As it was, I toughed things out for a couple of hours. First thing I did was locate the feeble AC outlets. Then I’d head off to look at brass and come back for a refresher at the hand-carved stone replicas department, where some intrepid clerk had rigged up a fan beside the pitiful trickle of cool-ish air coming through a vent. After my forehead had dried off a bit there, I’d venture off again to handmade bedspreads until I was embarrassed to be sweating so much and would head to the repros for refreshment again. So it went.

And, whew! the prices again! I don’t know if the heat affected my math or not, but things seemed kind of high here. Even the little bags of gift tea were $12. One thing on my mind, though, was the really nice wood carvings, like the Shiva playing the flute in the photo. For Christmas, David gave me way too much money to get something unique and worthwhile in India, and I’m thinking that might be it. I want to see it when I’m not so near heat prostration, though.

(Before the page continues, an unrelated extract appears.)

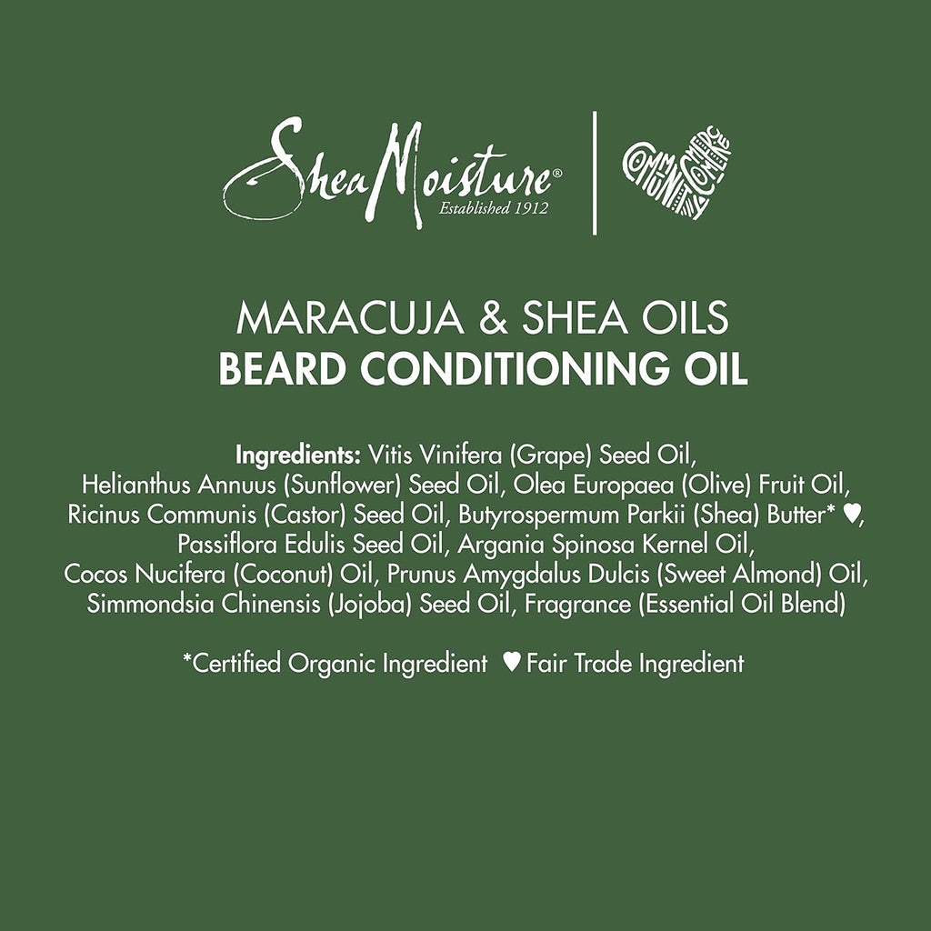 SheaMoisture Maracuja Oil & Shea Butter Beard Conditioning Oil absorbs quickly to soften and condition full beards, while restoring moisture to dry facial skin. This beard oil for men keeps hair soft and smells like the outdoors. SheaMoisture beard oil is made with Fair Trade shea butter and it is formulated with no sulfates, no parabens, no phthalates, no mineral oil or petrolatum. SheaMoisture beard oil for men is created to soften and moisturize thick coarse hair without leaving residue or a greasy film on your beard. Add this beard oil to your beard care regimen to help keep skin moisturized and free from dryness.

I’d had about as much sweat and dust as I could handle after a couple of hours, but I didn’t relish finding moto-rickshaw and making the hot trip back to the hotel, so I decided to head for one of the most elite hotels in the city -- the Imperial. This is a trick I discovered in Cairo: being an aging westerner, I can go into these swank places and have a beer in the greatest air conditioning in the city. Beer is about all I could afford in a place like that, but beer is enough. And since the Imperial was just across from the CI store, I moved as quickly as I could.

This is a great hotel – an old art deco place that even Gandhi and Mountbatten had used when discussion partition. It’s renovated brilliantly, and the marble floor tiles and colonnades reminded me of the Prado, a similar hotel in Barranquilla. Must be the same era….

Anyway, I got my beer. Draught beer was only sold in imperial pints, so I bit the bullet and got one. I half felt like I’d pass out in the bar after so much beer on such a hot day, but I was thirsty, the AC was fantastic, so I took the risk. What a wonderful, refreshing break! When’s the last time you actually felt refreshed after a beer? I lingered and watched the far-wealthier-than-I at rest, not attracting much attention at all. This was much more my demographic than Connaught Pizza Hut.

Feeling amazingly renewed, I headed back to Connaught. Passed a car in the Imperial parking lot with an Orbitz sticker on the windshield, which gave me an idea – could you find Imperial discounts on Orbitz? What a great way to spend the last night in Delhi! I’ll have to check on that.
Stopped back by the CI place to have another look at Shiva, and strolled back to the hotel. Took a nice, pre-dinner nap, had a great alu gobi dinner, and slept like a log (after my strenuous day!).